- [DATASET CONTENT]:
================
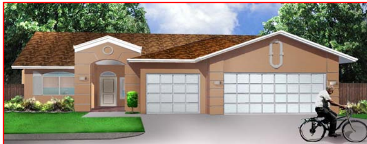
Plan 1670 $ 199,950 4 bedroom * 2 bath * 3 car garage
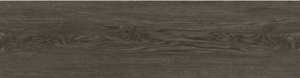
A002-05 Natural Woodgrains - Storm
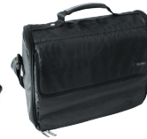
S9 travel bag 36860
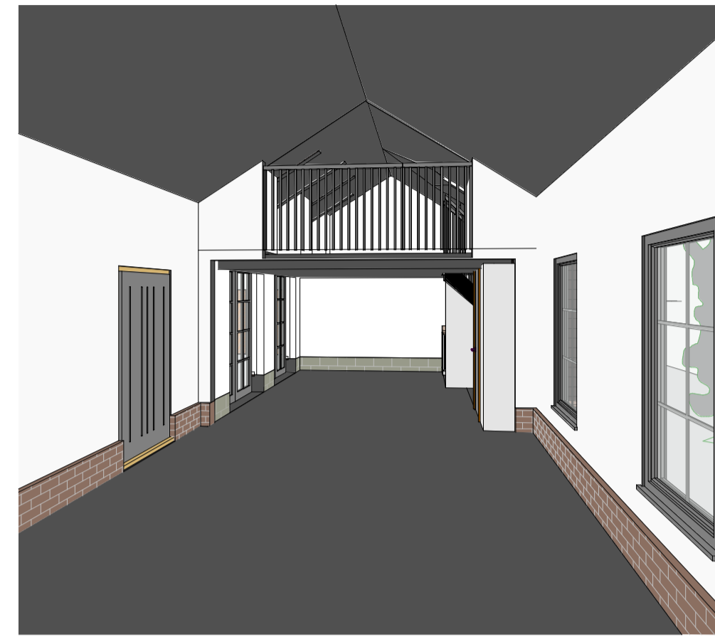
2 view towards mezzanine
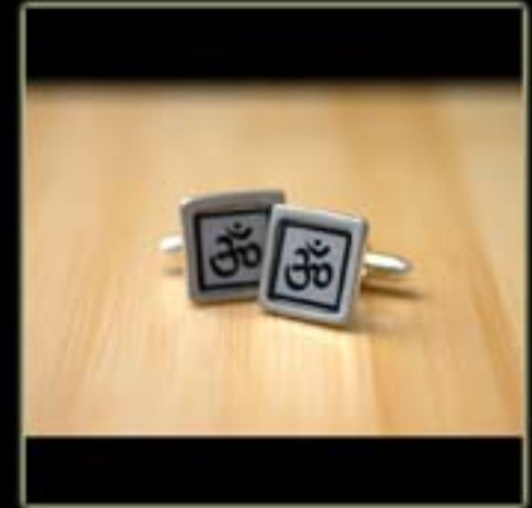
silver & resin cufflinks (om) item #mens8002
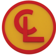
Camp Lewallen Silva, Mo.
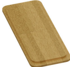
1 x AX2024 System Bamboo Chopping Board

All accessories can be purchased directly from www.abode-shop.co.uk or phone 01226 283434
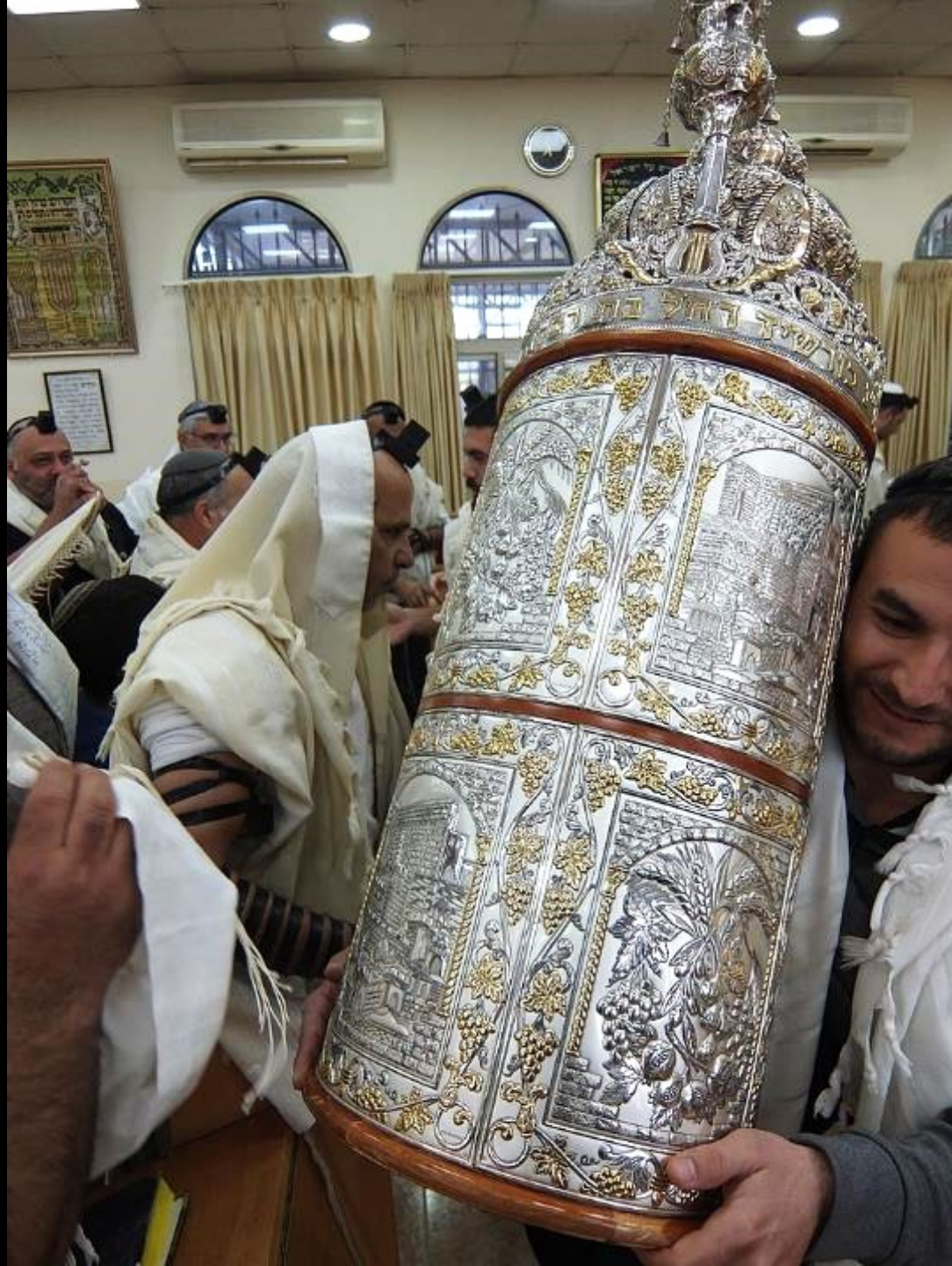
Silver and Gold Torah Case
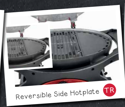
Reversible Side Hotplate TR
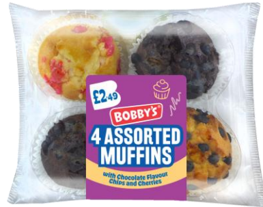
CODE: 03070 ASSORTED MUFFINS QTY: 1X£2.49 INVOICE PRICE: £1.95
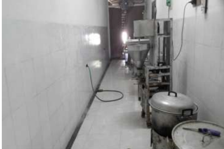
Figure 4. Production room

Most renovation materials were paid by Duta Nelayan, reflecting that a group of young entrepreneurs have good will to make their products be able to go to modern market. Other funds were obtained through collaboration program with Hang Tuah University, Directorate General of Higher Education-the Ministry of Research and Technology of Indonesia, and local Fisheries Services. Besides, the SME 'Duta Nelayan has prepared a hygienic meat grinder to support clean production process. The mixer has a capacity of 5 kg batter made of stainless steel.
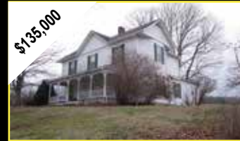
MLS# 59128 BLAND 4BD/2BA historic home on 1.3 ac that has been updated. Library, parlor, wood FP, living, kitchen, mudroom, large attic closet. Fruit trees, and outbuilding.
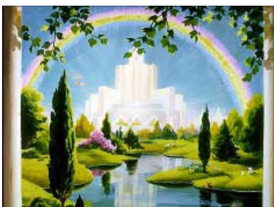
The Third Heaven – where God dwells.

Hebrew 11:10,16 For he WAITED FOR THE CITY which has foundations, WHOSE BUILDER AND MAKER IS GOD. But now THEY DESIRE A BETTER, THAT IS, A HEAVENLY COUNTRY. Therefore God is not ashamed to be called their God, for He has PREPARED A CITY FOR THEM.
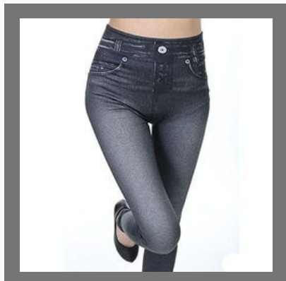
Ladies Stretchable Jeans
================
- [INSTRUCTIONS TO FOLLOW]: When you reach the line with "All accessories can" in the records above, start writing out each line exactly, and stop after the line with "Figure 4. Production room". Pictures stay out.

- [ANSWER BOX]:
All accessories can be purchased directly from www.abode-shop.co.uk or phone 01226 283434
Silver and Gold Torah Case
Reversible Side Hotplate TR
CODE: 03070 ASSORTED MUFFINS QTY: 1X£2.49 INVOICE PRICE: £1.95
Figure 4. Production room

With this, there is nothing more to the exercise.